What the task requires: Within the listing that follows, reproduce exactly the lines starting at the line with "Womens Tops Dressy" and ending at the line with "Konferansa Kaymakam Büşra", inclusive, and only those. Pictures are dropped.

Study material:
== Segment start ==

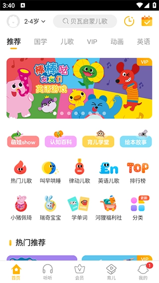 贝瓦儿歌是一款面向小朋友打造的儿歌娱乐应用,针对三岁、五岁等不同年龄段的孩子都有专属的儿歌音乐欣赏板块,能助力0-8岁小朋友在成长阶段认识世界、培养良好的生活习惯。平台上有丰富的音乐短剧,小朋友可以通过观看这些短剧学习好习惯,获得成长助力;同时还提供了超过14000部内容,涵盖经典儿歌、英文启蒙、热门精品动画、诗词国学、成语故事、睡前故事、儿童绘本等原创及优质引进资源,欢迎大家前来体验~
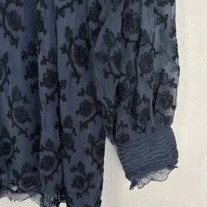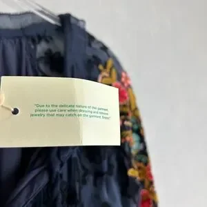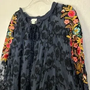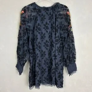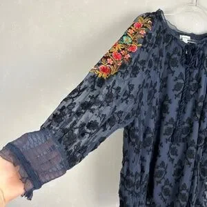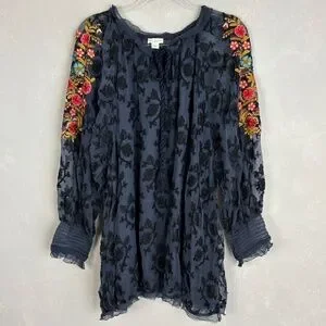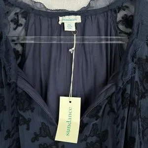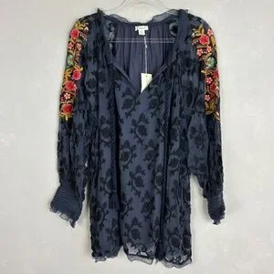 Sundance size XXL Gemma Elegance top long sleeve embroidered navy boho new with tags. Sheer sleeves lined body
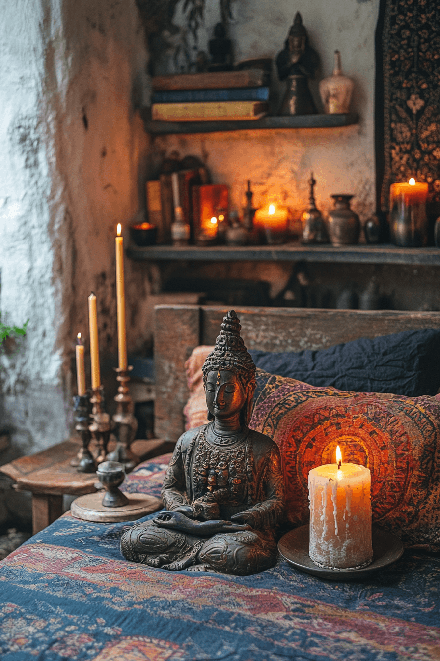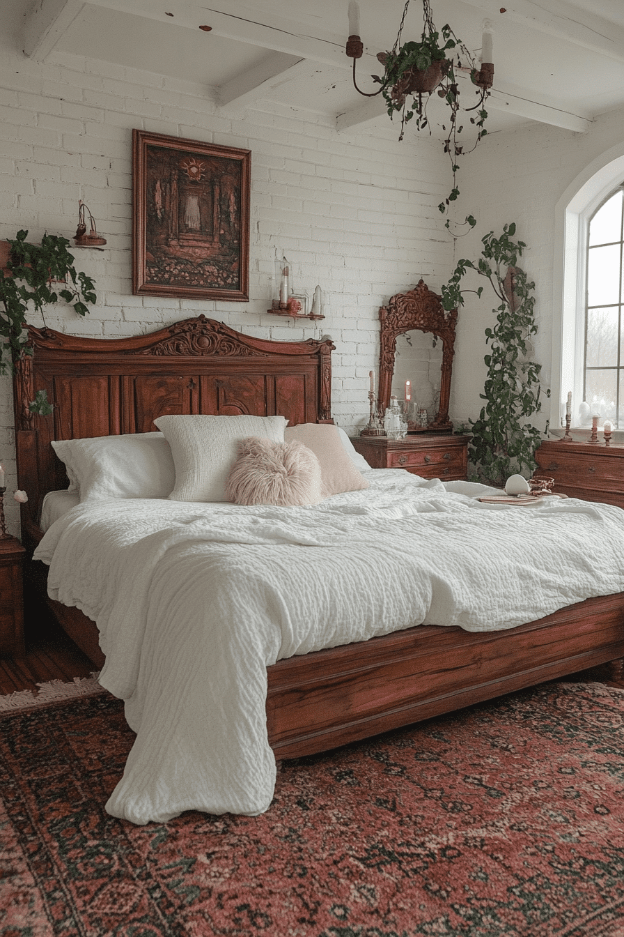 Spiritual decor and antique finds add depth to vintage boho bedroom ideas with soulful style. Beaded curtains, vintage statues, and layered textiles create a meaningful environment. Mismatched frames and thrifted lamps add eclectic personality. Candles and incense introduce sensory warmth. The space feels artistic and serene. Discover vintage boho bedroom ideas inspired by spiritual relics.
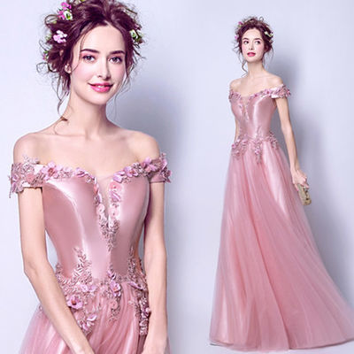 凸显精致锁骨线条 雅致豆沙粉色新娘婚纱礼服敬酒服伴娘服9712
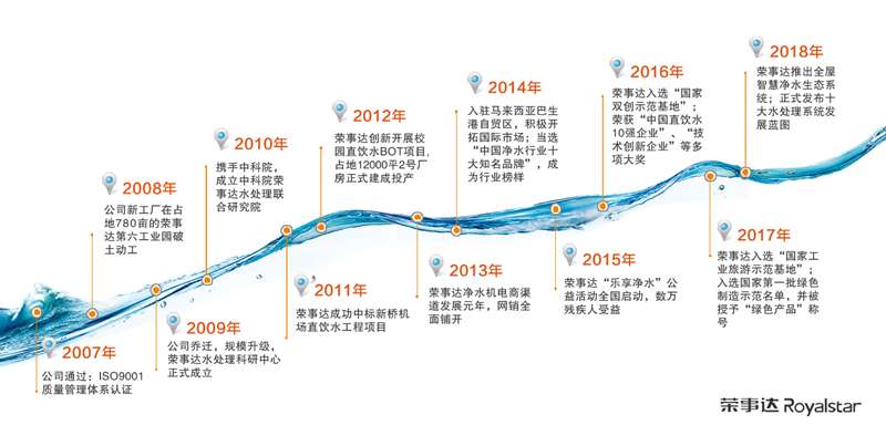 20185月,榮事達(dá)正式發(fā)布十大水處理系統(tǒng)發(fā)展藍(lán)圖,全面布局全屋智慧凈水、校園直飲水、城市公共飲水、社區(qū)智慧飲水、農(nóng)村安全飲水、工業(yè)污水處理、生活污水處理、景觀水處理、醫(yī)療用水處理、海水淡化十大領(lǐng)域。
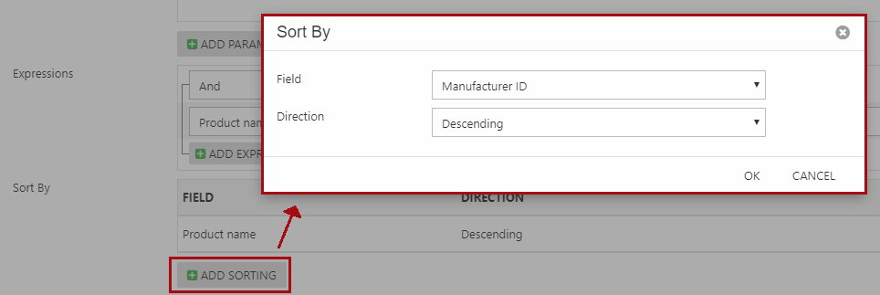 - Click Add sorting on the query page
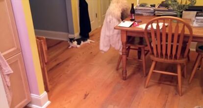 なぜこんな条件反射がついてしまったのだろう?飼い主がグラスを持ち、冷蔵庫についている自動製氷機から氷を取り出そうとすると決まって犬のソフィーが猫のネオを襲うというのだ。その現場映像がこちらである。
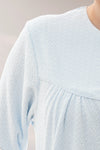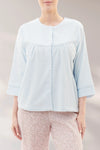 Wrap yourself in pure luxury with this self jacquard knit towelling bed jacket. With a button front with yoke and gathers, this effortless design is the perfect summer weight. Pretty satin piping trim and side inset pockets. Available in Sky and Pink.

== Segment end ==
== Segment start ==

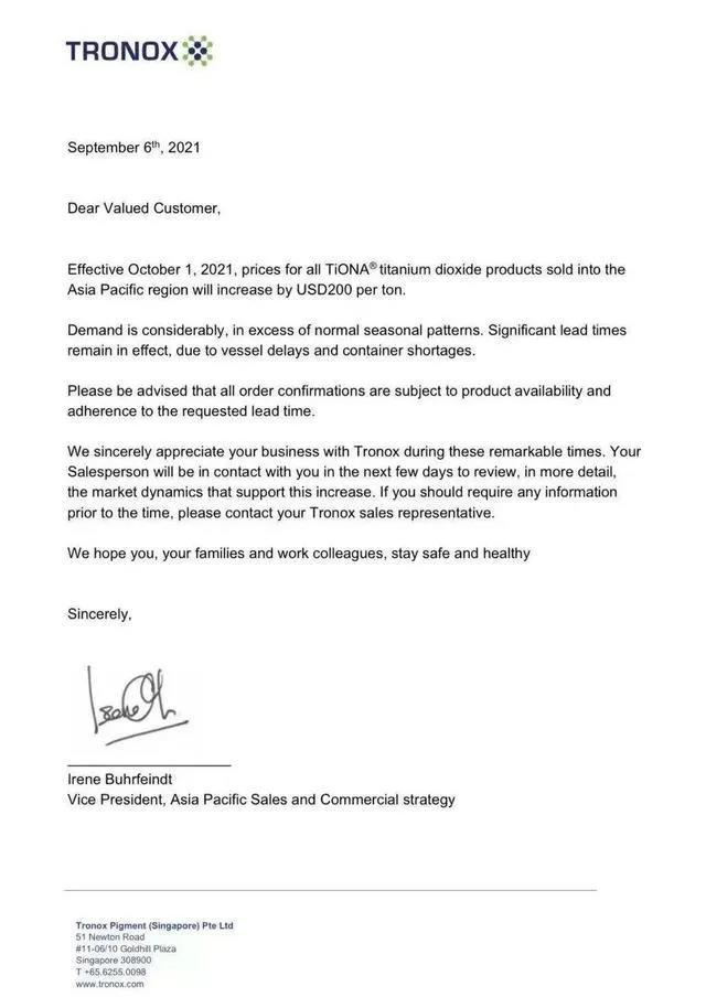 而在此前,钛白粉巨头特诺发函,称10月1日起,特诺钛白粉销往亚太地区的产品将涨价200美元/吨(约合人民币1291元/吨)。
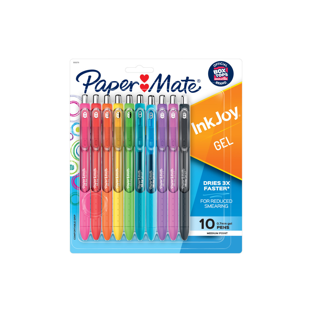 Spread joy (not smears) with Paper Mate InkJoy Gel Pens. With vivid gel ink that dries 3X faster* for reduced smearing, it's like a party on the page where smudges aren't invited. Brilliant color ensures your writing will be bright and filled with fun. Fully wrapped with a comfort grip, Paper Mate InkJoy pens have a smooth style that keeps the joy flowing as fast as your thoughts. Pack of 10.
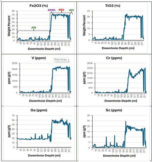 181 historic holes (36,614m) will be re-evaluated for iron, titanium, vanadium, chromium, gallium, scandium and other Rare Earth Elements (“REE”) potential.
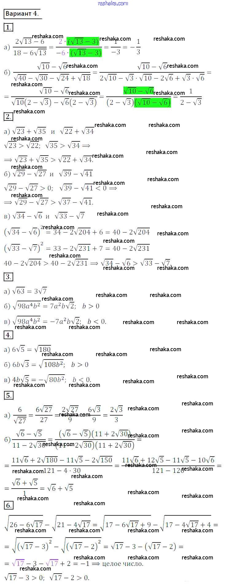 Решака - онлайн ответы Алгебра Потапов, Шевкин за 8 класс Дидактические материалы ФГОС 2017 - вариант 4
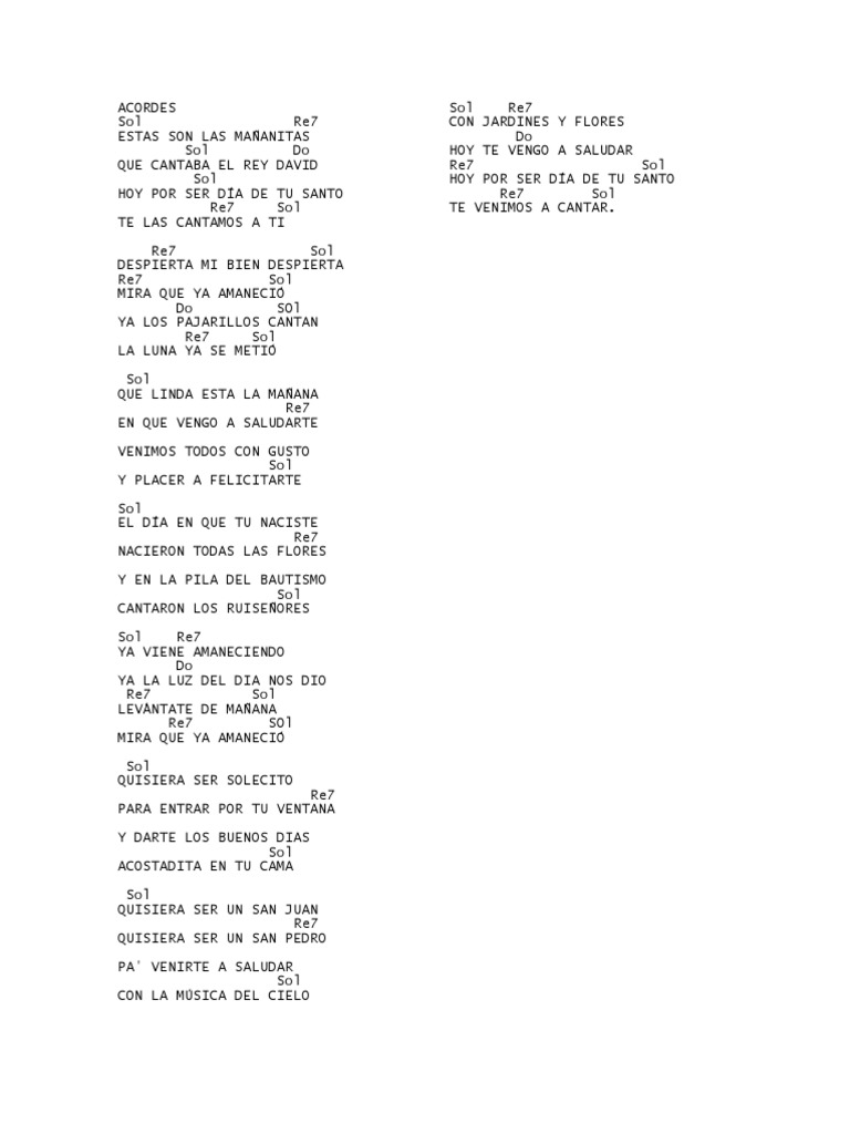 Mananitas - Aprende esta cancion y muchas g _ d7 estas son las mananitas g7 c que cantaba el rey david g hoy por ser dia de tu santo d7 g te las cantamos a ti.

== Segment end ==
== Segment start ==

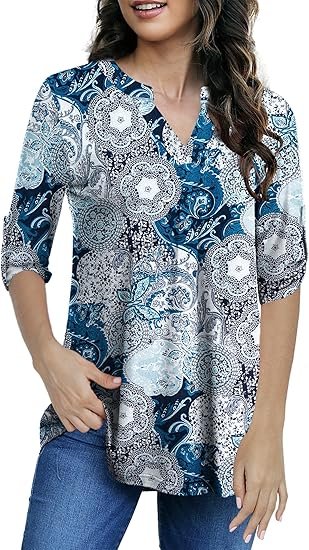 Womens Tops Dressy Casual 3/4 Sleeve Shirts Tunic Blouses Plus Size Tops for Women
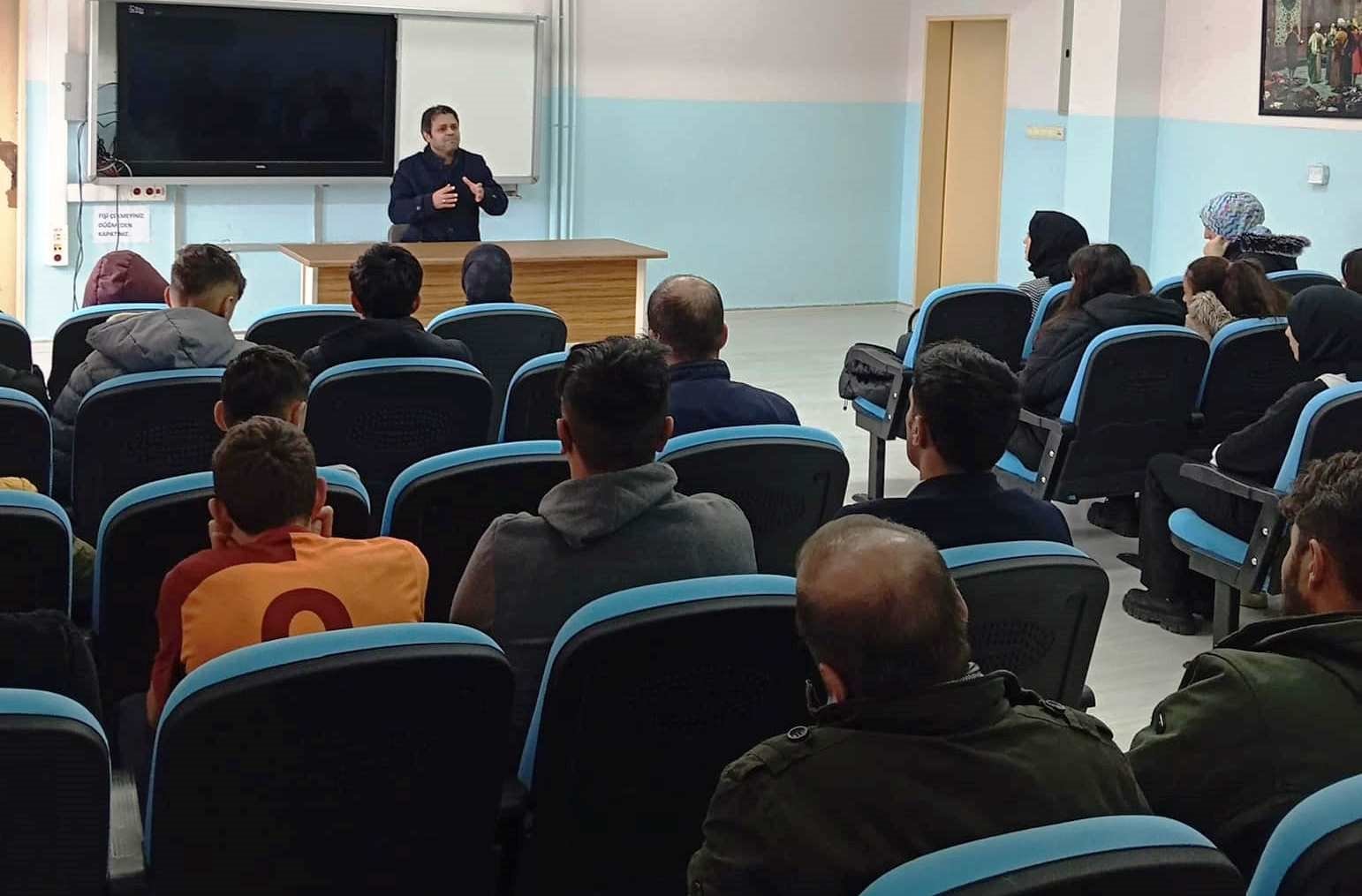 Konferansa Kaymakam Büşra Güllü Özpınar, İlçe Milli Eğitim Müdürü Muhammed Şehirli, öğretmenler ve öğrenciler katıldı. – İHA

== Segment end ==

Answer for the task:
 Womens Tops Dressy Casual 3/4 Sleeve Shirts Tunic Blouses Plus Size Tops for Women
 Konferansa Kaymakam Büşra Güllü Özpınar, İlçe Milli Eğitim Müdürü Muhammed Şehirli, öğretmenler ve öğrenciler katıldı. – İHA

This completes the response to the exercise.